This eclecticism was reflected in his prolific output of books, 29 in all. Travel was the principal theme and the Indian subcontinent his favourite stamping ground. He won the Thomas Cook award for travel writing in 1984 with To The Frontier, an account of a three-month journey through Sind, Baluchistan and Punjab to Pakistan's north-west frontier with Afghanistan, culminating with the scaling of the Hindu Kush.

Yet he wrote perceptively about many other destinations, from Sydney to San Francisco to Samarkand. His 1988 book, Imperial City, is among the best of the many hundreds that have been written about New York. Other books stemmed from his love of sport, especially cricket. In 1977 Kerry Packer, the Australian media magnate, began the transformation of international cricket by luring the best players to take part in his own televised matches by paying them unprecedented fees. Moorhouse thought this might mean the end of the sport as he knew it, and wrote The Best-loved Game, an account of a single summer of English cricket. "It seemed important to record an English season while the matter was still in balance," he explained, "lest the shape and nature of our cricket should presently be spoiled." He also wrote a book about Lord's and, in 1995, the centenary history of rugby league.

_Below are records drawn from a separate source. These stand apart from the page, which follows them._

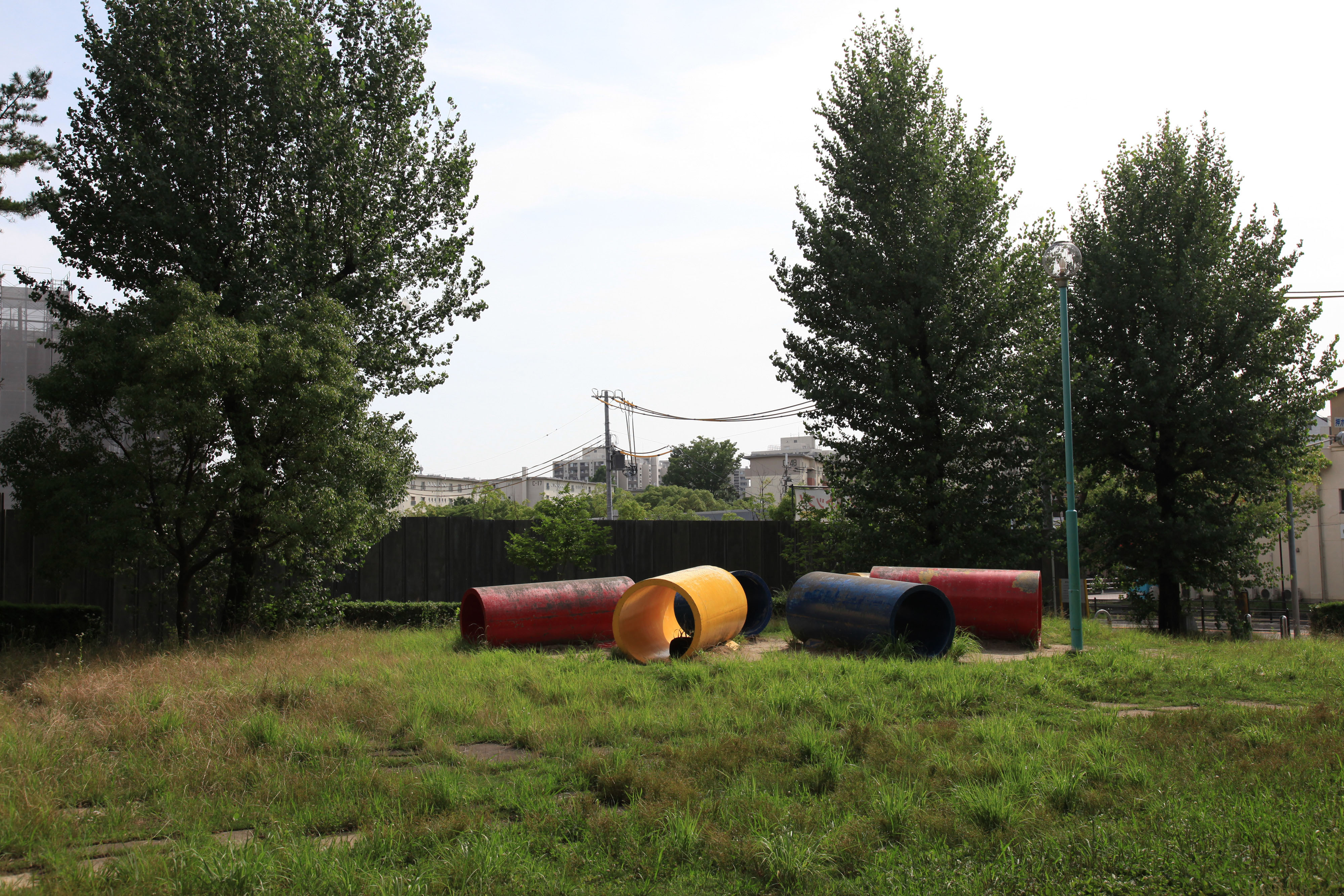 | 内容・説明 | 津雲公園の土管をカラフルに塗った遊具。背後では公社団地の建替が進む。 |
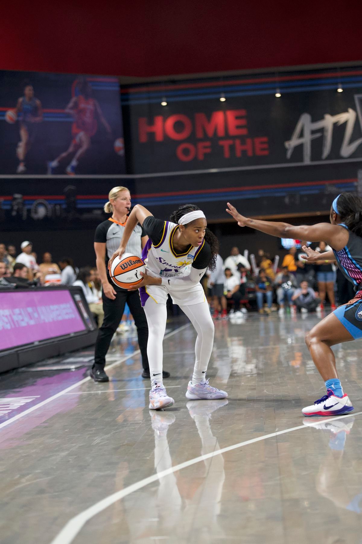Defended by the Dream’s Rhyne Howard, the Sparks’ Layshia Clarendon assesses their offensive options. With 14 points and four assists, Clarendon continues to be a difference maker for LA. Howard had 15 points for Atlanta.Christina Merrion.
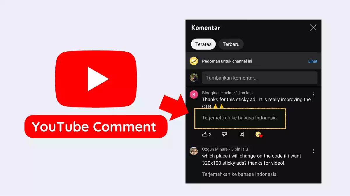 Setelah opsi terjemahan muncul di bawah komentar, klik opsi “Translate” atau “Terjemahkan” untuk menerjemahkan komentar ke bahasa yang Anda pilih. YouTube akan secara otomatis menerjemahkan komentar tersebut ke bahasa yang Anda tentukan.
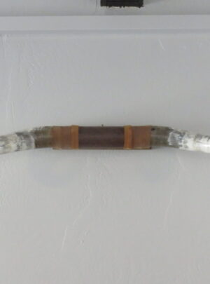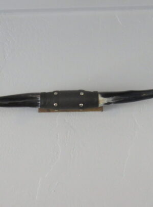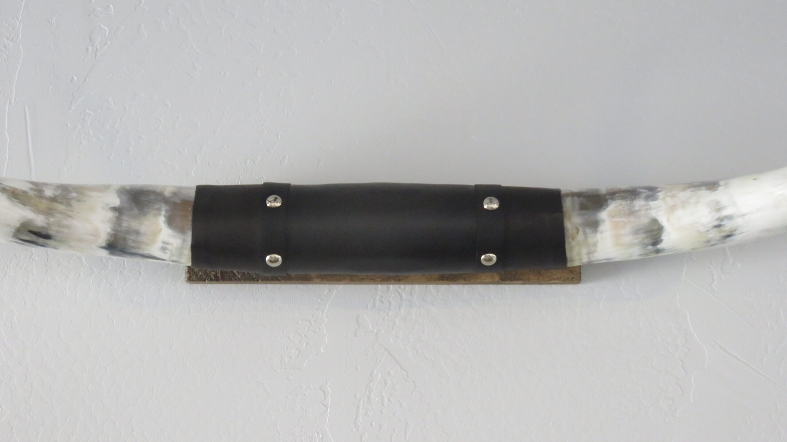 Here we have a great looking set of Texas Longhorns. This pair has a wide curve with a twist back towards each end of the set. A great set that displays a better than average character. Wrap is made from genuine black leather and has studs for accent.

His last three published books were about England in the Tudor period, a subject he found increasingly fascinating. After his divorce from Jan, his two later marriages – to Barbara Woodward in 1974 and Marilyn Edwards in 1983 – also failed, although he was with Marilyn for nearly 20 years. He shared the last years of his life with his final partner, Susan Bassnett.

Geoffrey Moorhouse, writer: born Bolton 29 November 1931; married 1956 Janet Murray (two sons, one daughter and one daughter deceased), 1974 Barbara Woodward (divorced 1978), 1983, Marilyn Edwards (divorced 1996); died 26 November 2009.